Frequent Flier Miles
Karen Yeakel was a travel agent who loved to fly – preferably for free. In June 2011, her employment at Stellar Travel in Bellevue, Washington, was terminated when her bosses noticed discrepancies in their top client’s frequent flier accounts. Investigators found that from 2008 on, Yeakel had used purloined airline miles to buy 135 flights for herself and her family – a whopping $109,000 worth of travel. In early 2013, a Federal wire-fraud charge against her was announced. Turns out she had also used client credit cards to by $180,000 in airline flights – and sold them to other clients at a discount.
A Trailer Home
December 30, 2012: Gary Haines, 59, peered into the red trailer and saw no one was home – so he hitched it to his truck and drove off. He should have looked up. Unbeknownst to Haines, the trailer’s owner David Zehntner was flying his plane back to Florida from North Carolina and had decided to make a pass over his home – just in time to see Haines steal it out from under him. Zehntner called the Sheriff’s Office as he tracked Haines from the sky. Eventually, deputies caught up to Haines and arrested him for grand theft.
Six Gallons of Motor Oil
January 31, 2013: Jorge Sanchez, 35, thought he had figured out the way to beat the rising cost of oil for his oil-change business. He walked into a Costco in Burbank, California, and pilfered 24 quarts of motor oil by stuffing it into his clothing, securing the containers with bungee cords and then walking out of the store. Employees chased him, but Sanchez got away… only to be caught by police eight blocks away and charged with suspicion of burglary. Witness Manuel Atlas said later: “He [Sanchez] looked kind of heavy and out of shape.” That’s what carrying a little extra motor oil will do to a man.
Two schools in Ewa Beach, Hawaii reported weird thefts from their school bathrooms in January 2013. Thieves had ripped out toilet flushers, drainage pipes, metal floor plates and various other bathroom fixtures.
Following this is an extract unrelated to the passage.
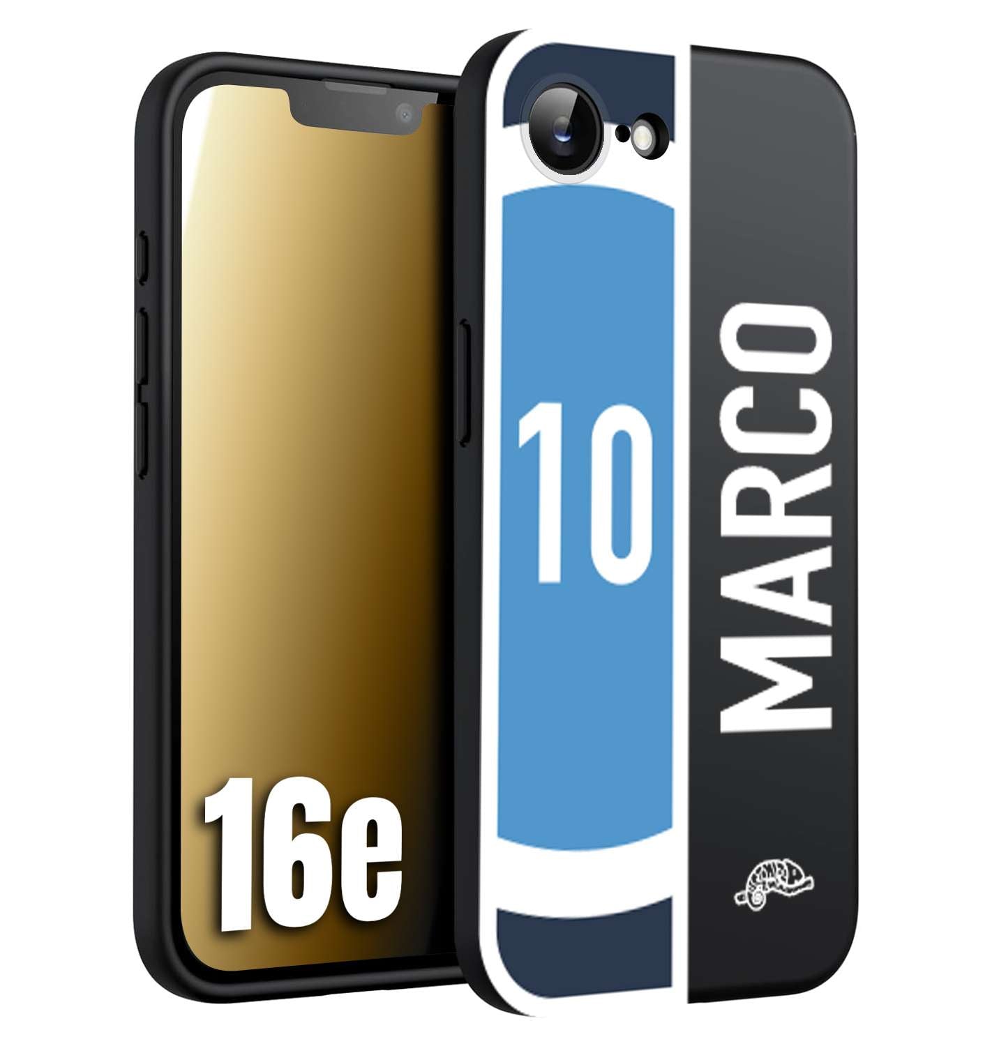 CUSTOMIZZA - Custodia cover nera morbida in tpu compatibile per iPhone 16E personalizzata calcio football nome e numero calciatori biancoazzurri bianco celesti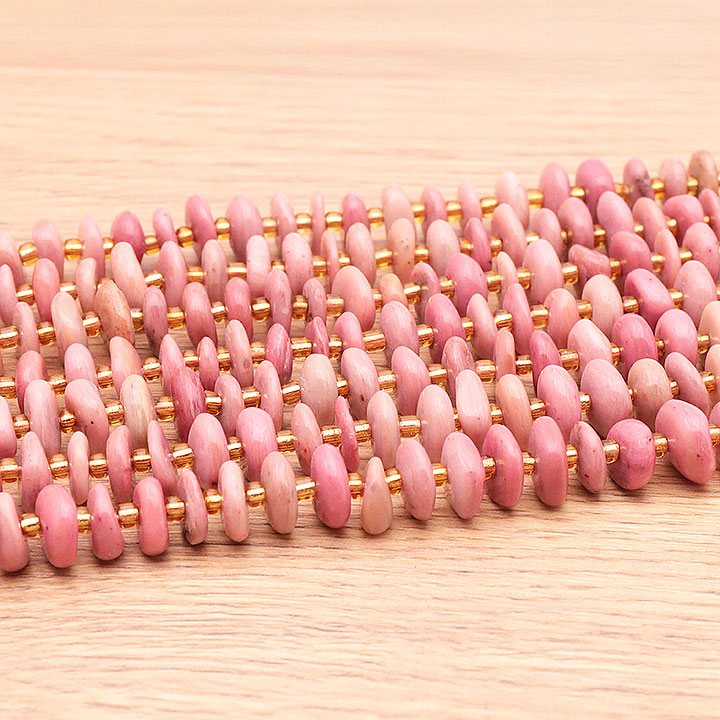 Fil de perles pierres roulées 04 x 10mm rhodonite Australie AA

To their students’ relief, Ilima Intermediate School and Campbell High School have repaired their loos. But the Bathroom Bandits may still be on the loose, so students in Hawaii should watch out before they do their business.
February 2012: With corn prices at historic highs, the picking seemed ripe for two farm employees to steal 14,000 bushels (worth roughly $84,000) from their employer in Blooming Prairie, Minnesota. But their boss Tom Vavra got wind of Arnold Schwamm and Jeana Anderson’s plot and informed the local authorities beforehand. Police caught the pair red-handed at the grain bin in a late-night bust: the thieves had already loaded over 500 bushels of corn into their semi. Both were charged with theft and conspiracy to commit theft. Schwamm allegedly told an informant his boss “would not miss the corn.” Blooming Prairie Police Chief Paul Wayne agreed “they had thought it through.” An almost perfect corn-spiracy.
September 2011: Farmers across Minnesota’s Hog Country were made paranoid by a rash of hog rustling cases that baffled law enforcement. In the space of a few months, 150 hogs (about $30,000 worth) were stolen from a farm in Lafayette and another 594 hogs (roughly $100,000) disappeared from a farm in nearby Kandiyohi County. “This is someone who knows hogs and knows the area,” said farmer Tim Waibel. “It’s not somebody from 60 miles away.” Authorities are still on the lookout for the hognappers, but the evidence may have long since been eaten with eggs.